*** Block opens ***

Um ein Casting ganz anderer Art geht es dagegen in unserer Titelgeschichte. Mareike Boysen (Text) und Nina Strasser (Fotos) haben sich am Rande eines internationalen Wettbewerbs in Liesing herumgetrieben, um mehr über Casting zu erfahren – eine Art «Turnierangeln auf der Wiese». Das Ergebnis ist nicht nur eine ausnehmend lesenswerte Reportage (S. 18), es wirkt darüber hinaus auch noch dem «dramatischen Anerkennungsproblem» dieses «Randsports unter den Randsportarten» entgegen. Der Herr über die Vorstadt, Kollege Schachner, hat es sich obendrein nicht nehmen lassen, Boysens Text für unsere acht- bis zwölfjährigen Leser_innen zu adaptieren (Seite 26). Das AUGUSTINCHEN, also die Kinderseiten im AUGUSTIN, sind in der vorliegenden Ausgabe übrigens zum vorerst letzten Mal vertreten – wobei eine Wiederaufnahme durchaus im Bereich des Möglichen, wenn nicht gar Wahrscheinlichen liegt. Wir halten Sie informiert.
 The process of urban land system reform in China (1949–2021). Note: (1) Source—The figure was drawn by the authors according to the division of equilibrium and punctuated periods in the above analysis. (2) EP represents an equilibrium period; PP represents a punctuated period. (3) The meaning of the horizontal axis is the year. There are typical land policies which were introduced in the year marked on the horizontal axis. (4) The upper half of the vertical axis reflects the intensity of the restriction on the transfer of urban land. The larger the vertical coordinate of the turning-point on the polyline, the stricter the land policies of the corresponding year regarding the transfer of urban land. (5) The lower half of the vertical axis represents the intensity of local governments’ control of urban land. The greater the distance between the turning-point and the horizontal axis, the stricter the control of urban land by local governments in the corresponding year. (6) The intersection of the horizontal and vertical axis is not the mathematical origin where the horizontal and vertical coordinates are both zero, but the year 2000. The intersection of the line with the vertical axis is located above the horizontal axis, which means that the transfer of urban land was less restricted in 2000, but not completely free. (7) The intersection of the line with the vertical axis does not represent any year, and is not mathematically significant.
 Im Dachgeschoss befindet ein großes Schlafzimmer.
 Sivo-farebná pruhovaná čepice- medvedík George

*** Block closes ***
*** Block opens ***

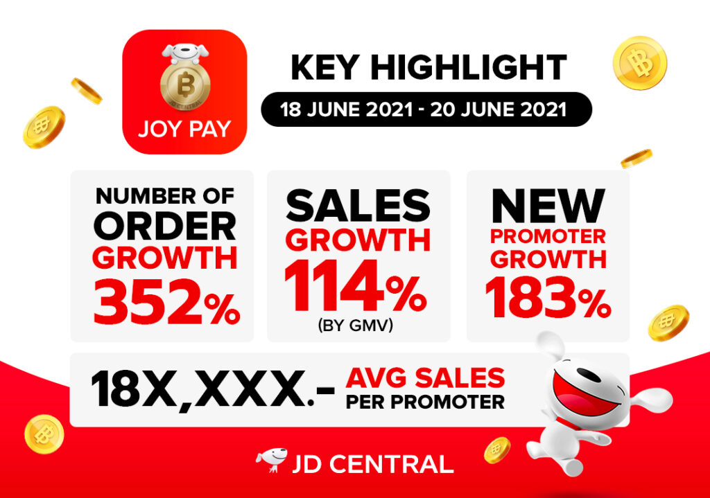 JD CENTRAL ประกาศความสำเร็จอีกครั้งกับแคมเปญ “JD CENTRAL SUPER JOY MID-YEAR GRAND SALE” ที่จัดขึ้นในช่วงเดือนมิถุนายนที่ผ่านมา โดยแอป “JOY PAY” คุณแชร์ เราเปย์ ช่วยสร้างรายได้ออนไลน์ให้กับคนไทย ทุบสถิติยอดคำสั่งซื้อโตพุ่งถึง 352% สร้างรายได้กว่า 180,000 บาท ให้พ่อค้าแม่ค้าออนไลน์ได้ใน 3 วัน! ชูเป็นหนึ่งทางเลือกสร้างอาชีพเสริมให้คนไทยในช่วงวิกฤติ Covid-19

*** Block closes ***
*** Block opens ***

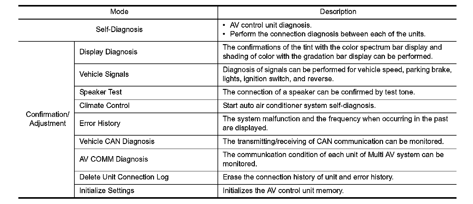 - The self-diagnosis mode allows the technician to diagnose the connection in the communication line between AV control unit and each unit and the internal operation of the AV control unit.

*** Block closes ***

* **Instructions to follow**:
An exact copy of the lines above, from the one containing "The process of" down to the one containing "Sivo-farebná pruhovaná čepice- medvedík" and including both, is the whole answer; retype it and nothing else.

* **Your response**:
 The process of urban land system reform in China (1949–2021). Note: (1) Source—The figure was drawn by the authors according to the division of equilibrium and punctuated periods in the above analysis. (2) EP represents an equilibrium period; PP represents a punctuated period. (3) The meaning of the horizontal axis is the year. There are typical land policies which were introduced in the year marked on the horizontal axis. (4) The upper half of the vertical axis reflects the intensity of the restriction on the transfer of urban land. The larger the vertical coordinate of the turning-point on the polyline, the stricter the land policies of the corresponding year regarding the transfer of urban land. (5) The lower half of the vertical axis represents the intensity of local governments’ control of urban land. The greater the distance between the turning-point and the horizontal axis, the stricter the control of urban land by local governments in the corresponding year. (6) The intersection of the horizontal and vertical axis is not the mathematical origin where the horizontal and vertical coordinates are both zero, but the year 2000. The intersection of the line with the vertical axis is located above the horizontal axis, which means that the transfer of urban land was less restricted in 2000, but not completely free. (7) The intersection of the line with the vertical axis does not represent any year, and is not mathematically significant.
 Im Dachgeschoss befindet ein großes Schlafzimmer.
 Sivo-farebná pruhovaná čepice- medvedík George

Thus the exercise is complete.